John Coke (died 1650)

Sir John Coke (1607–1650) was an English politician who sat in the House of Commons of England from 1640 to 1650. He supported the Parliamentarian side during the English Civil War.

Coke was the son of Sir John Coke of Melbourne Hall and his wife Mary Powell, daughter of John Powell of Presteigne, Herefordshire. His father was an MP and secretary to King Charles I. Coke lived at Melbourne Hall after his father gave it up for him and was knighted during the lifetime of his father.[1]

In November 1640, Coke was elected Member of Parliament for Derbyshire for the Long Parliament He held the seat until his death in 1650.[2]
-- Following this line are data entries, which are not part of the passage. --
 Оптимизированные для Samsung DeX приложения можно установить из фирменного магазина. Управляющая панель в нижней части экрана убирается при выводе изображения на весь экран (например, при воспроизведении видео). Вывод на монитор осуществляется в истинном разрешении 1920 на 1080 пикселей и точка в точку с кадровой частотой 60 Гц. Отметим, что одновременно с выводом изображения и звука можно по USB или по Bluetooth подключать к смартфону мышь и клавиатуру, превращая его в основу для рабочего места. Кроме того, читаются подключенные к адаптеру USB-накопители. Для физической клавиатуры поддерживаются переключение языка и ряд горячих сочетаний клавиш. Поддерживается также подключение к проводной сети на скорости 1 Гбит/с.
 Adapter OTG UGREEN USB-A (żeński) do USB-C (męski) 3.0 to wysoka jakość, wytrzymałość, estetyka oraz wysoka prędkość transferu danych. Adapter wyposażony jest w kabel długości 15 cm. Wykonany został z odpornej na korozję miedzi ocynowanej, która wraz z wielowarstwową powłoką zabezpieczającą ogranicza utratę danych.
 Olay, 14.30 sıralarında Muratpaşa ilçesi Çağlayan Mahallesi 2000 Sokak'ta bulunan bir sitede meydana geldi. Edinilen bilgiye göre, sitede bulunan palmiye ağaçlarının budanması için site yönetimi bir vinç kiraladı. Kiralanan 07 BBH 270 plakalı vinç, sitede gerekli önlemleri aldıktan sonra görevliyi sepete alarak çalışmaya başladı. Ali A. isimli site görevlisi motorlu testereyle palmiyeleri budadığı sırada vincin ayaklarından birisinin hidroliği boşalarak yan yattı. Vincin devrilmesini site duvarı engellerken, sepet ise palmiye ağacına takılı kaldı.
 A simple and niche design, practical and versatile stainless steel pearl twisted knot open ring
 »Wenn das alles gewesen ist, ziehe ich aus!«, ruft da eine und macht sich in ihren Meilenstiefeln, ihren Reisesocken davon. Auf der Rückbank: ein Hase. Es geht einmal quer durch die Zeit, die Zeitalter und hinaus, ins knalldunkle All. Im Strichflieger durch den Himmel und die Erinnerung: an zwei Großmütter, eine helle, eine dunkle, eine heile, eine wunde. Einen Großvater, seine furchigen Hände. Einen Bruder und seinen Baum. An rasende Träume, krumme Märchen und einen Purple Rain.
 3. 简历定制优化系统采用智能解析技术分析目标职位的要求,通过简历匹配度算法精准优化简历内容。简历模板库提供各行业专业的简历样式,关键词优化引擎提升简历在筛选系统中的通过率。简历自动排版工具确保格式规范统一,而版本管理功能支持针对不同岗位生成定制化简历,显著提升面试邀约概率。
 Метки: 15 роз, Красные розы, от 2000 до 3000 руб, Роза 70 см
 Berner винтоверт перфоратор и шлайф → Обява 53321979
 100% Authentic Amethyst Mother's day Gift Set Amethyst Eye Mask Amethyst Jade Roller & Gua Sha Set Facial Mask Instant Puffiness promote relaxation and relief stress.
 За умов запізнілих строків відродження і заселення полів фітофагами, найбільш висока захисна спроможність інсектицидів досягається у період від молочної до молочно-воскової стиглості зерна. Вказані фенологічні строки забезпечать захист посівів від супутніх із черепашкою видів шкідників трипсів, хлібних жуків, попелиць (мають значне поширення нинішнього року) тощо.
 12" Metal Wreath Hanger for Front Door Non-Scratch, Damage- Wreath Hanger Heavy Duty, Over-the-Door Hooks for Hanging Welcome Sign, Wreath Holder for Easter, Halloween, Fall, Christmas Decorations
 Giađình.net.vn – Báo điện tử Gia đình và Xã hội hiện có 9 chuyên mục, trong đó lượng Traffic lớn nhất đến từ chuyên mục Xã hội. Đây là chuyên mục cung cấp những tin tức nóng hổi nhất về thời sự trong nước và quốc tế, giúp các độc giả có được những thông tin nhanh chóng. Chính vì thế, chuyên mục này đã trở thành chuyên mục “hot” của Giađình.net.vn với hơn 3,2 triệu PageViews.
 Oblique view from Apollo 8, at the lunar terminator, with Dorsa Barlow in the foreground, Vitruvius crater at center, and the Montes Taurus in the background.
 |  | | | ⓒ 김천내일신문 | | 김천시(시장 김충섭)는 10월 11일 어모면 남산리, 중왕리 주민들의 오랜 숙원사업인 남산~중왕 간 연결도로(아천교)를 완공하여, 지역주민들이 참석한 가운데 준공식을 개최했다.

Coke was a member of the committee of sequestrators appointed for Derbyshire on 31 March 1645 and of another for raising money for the maintenance of Fairfax's army during 1644. In 1646 he was one of the receivers for the money raised for disbanding the forces in Derbyshire. He was then one of the nine commissioners appointed to take charge of King Charles I after he had been captured and handed over by the Scots. The commissioners remained with the king at Holdenby House Northamptonshire and went with him to Hampton Court Palace where he escaped.[1]

After the execution of the King, Coke went to Paris, where he died at the age of 43.[1]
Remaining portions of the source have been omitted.